# Inspection Pricing



## Patriot88 (Jun 12, 2018)

Am I too low on my camera inspections at $300/ inspection? That covers everything up to 1 hr (including the drive), after that I bill an hourly rate. Don't want to be greedy at all, but also don't want to be too unreasonably low. Thanks


----------



## OpenSights (Mar 23, 2015)

I’m at $250 including location if needed. I’m mid-range in my area. $300 isn’t bad IMHO. My camera is WiFi, so no extra cost of a drive.


----------



## Patriot88 (Jun 12, 2018)

Oh, wow! That's awesome! Yeah, having the wifi is nice. How many do you do a month on average? 



OpenSights said:


> I’m at $250 including location if needed. I’m mid-range in my area. $300 isn’t bad IMHO. My camera is WiFi, so no extra cost of a drive.


----------



## OpenSights (Mar 23, 2015)

Patriot88 said:


> Oh, wow! That's awesome! Yeah, having the wifi is nice. How many do you do a month on average?
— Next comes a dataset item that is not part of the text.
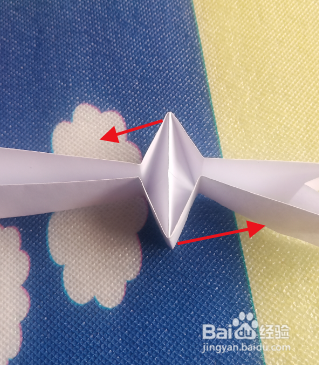 最后,先将中间沿折痕捏成凸起,两边再沿折痕向中间推。

It really varies. 0-10? I have used it without changing before, for my own benefit.


----------



## dhal22 (Jul 30, 2010)

Expensive device and your knowledge of using it. $300 is fine.


----------



## Patriot88 (Jun 12, 2018)

I agree, but wanted to hear the general consensus. The way I see it, I need 2 inspections a month (minimum) at the above pricing to make the payment and put a hundred bucks in my pocket. I thought 2 a month would be a cake walk, but I'm second guessing that assumption. 



dhal22 said:


> Expensive device and your knowledge of using it. $300 is fine.


----------



## dhal22 (Jul 30, 2010)

My first camera/locator purchase was $6500 and it took about 10 months to do that much in camera work. But I was fortunate and had several large jobs occur.


----------



## Patriot88 (Jun 12, 2018)

Wow, so you were getting about 2 jobs a month then. Over a years time, would most say 2 a month is average?


----------



## MACPLUMB777 (Jun 18, 2008)

ELECTRIC EEL WETT SHOW SPECIAL 

In addition to the 5% discount on the Ace 2 camera for the WWETT show we will also be offering a FREE upgrade to the self-leveling camera.
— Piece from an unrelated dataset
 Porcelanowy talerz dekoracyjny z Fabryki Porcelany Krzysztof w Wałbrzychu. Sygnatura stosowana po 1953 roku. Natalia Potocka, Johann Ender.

Ace 2 -S/L show price is $5890.00 :biggrin:


----------



## jeffreyplumber (Dec 7, 2009)

300 sounds good adjust to your area . Youve allready got the machine you might be able drum up a lot of work just doing inspections for other plumbing contractors or Generals and real estate companys. Good luck its a big outlay but could work out real good


----------



## skoronesa (Oct 27, 2015)

We charge 250$ for the camera and that includes tracking by default but that is added to our hourly rate of 95$/hr so 350$ for camera if it only takes one hour. For tracking alone with only the pipefinder I don't think we have an additional charge other than the hourly rate.


I think that 250$ for the camera is too much. 100$ is really a more reasonable rate especially when you consider several of our competition have cameras. I don't mind too much though as when I have a customer or job that is just too far gone but they don't wan't to fix it I use that as one reason they might want to call someone else, then I suggest someone who has a jetter and an excavator 



As far as the number of camera inspections where that is the main reason I was called I do 1-2/month. On top of that I probably end up charging for the camera 1-2/week because of a snaking call. Many times if the pipe is new to me I will run it after snaking just to make sure I got it and won't be called back the next day.




.


----------



## Dat dude (Oct 30, 2018)

I’m seriously considering buying a camera set up for our company. We have always given away camera work, but I see a big opportunity. I’d say we get a request e/o month, but we never advertised or let customers know we have that service. I know of at least a dozen client who we know have a broken line, as we drain clean roots each year. I’m thinking with a little marketing/word of mouth it may be profitable for me. I’m looking at the Wohler 350 w/ locater. A plumber friend showed me his, which has a rotating camera.. I have 7k to invest.. What cameras do you guys have?


----------



## Patriot88 (Jun 12, 2018)

The way I look at it, I need two a month to cover costs. This is all I do, so it matters a lot that I'm getting more than that every month. If you guys were only doing inspections, what would you consider doing to drum up some more work? I'm new to owning a business tbh, so I'm all ears.


----------



## JohnnieSqueeze (Mar 23, 2016)

largest competitor in Chicago North Suburbs does a free inspection for every customer every call every service tech! He says excavation pays for his business!!! I dont charge $300 plus hourly rate...... but I should. I bought a VERY nice Gen Eye Pod Mini 100’ which goes into 2”-4” lines plus locator for $3000 on ebay!!! 


Sent from my iPhone using Tapatalk


----------